2.7. Intervention Protocol

The training program was conducted for six weeks, four times a week, for 10 min. The exercise was carried out in two static positions and three dynamic positions. The static positions are sitting and standing. The patient was asked to do three sets of ten fast contractions at maximal strength with 10 s of relaxation between sets and three sets of ten-second prolonged contractions at maximal strength with 10 s of relaxation between sets. The dynamic positions are standing and moving the pelvis in a circular movement with prolonged contraction at maximal strength for 10 s; in addition, the patient was asked to do ten squats with pelvic floor contractions at maximal strength each time (relax the pelvic floor between each squat). Ten rises on the fingertips with pelvic floor contraction at maximal strength each time (relax the pelvic floor between each rise); for training the pelvic floor while increasing abdominal pressure, the patient was asked to do ten fast contractions at maximal strength while coughing in a standing position (1 contraction per cough).

2.8. Statistical Analysis

Data analysis was performed using IBM SPSS Statistics 29 software. Descriptive statistics were employed to summarize the demographic characteristics and baseline measurements of the participants. The Shapiro–Wilk test was conducted to assess the normality of the data, revealing a non-normal distribution.

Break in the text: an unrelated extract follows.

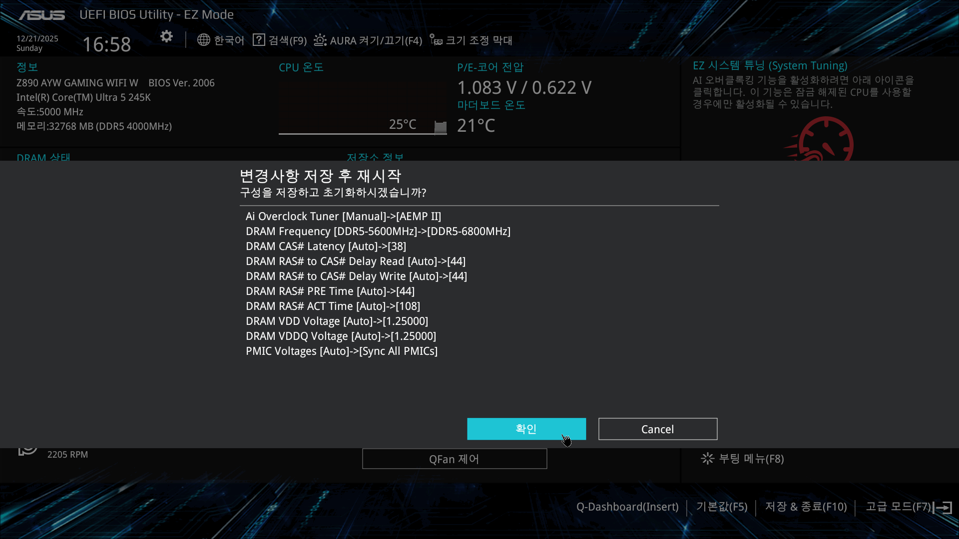 본 리뷰에서는 ASUS 메인보드의 자동 RAM 오버클럭 기술(ASUS Enhanced Memory Profile 2) 일명 AEMP II를 활용해 메모리 오버클럭을 진행하였습니다. 이에 따라 5600MHz 메모리는 6800MHz까지 상승하였으며 램 타이밍은 CL38, 전압은 1.25V로 변경되었습니다. 이는 ASUS Z890 보드의 AEMP II와 SK하이닉스 A-Die 칩을 통한 오버클럭 잠재력 덕분으로 보입니다.

Baseline differences between groups were evaluated using the Mann–Whitney U test for continuous variables and the Chi-square test (or Fisher’s exact test, as appropriate) for categorical variables. Intra-group comparisons (pre- and post-intervention) were conducted using the Wilcoxon signed-rank test, while inter-group comparisons (differences in outcomes between groups) were analyzed using the Mann–Whitney U test. Statistical significance was set at p < 0.05.

3. Results

Thirty-five women were recruited at the Meuhedet Pincas Center in Tel Aviv, Israel. The study was carried out between July 2022 and July 2024. The participants were randomly divided into 20 in the Peflex group and 15 in the control group of PFM training. Three (8.5%) participants from the Peflex group dropped out of the study; they did not attend the second meeting for various reasons, such as losing the Peflex, not having time, or not wanting to do the exercise. After excluding these cases, 32 participants completed the trial: 17 participants in the Peflex group and 15 in the control group. Four participants were excluded from the final statistical evaluation because they did not adhere to the training protocol: three from the Peflex group and one from the control group. Two participants in the Peflex group did not have the time to follow the training protocol four times a week; instead, they practiced only once a week. Additionally, one subject reported difficulty using the tampon, which is necessary for use with the Peflex. One subject from the control group did not have the time to train four times a week; she trained less than twice a week. The exclusion process resulted in 14 participants remaining in each group.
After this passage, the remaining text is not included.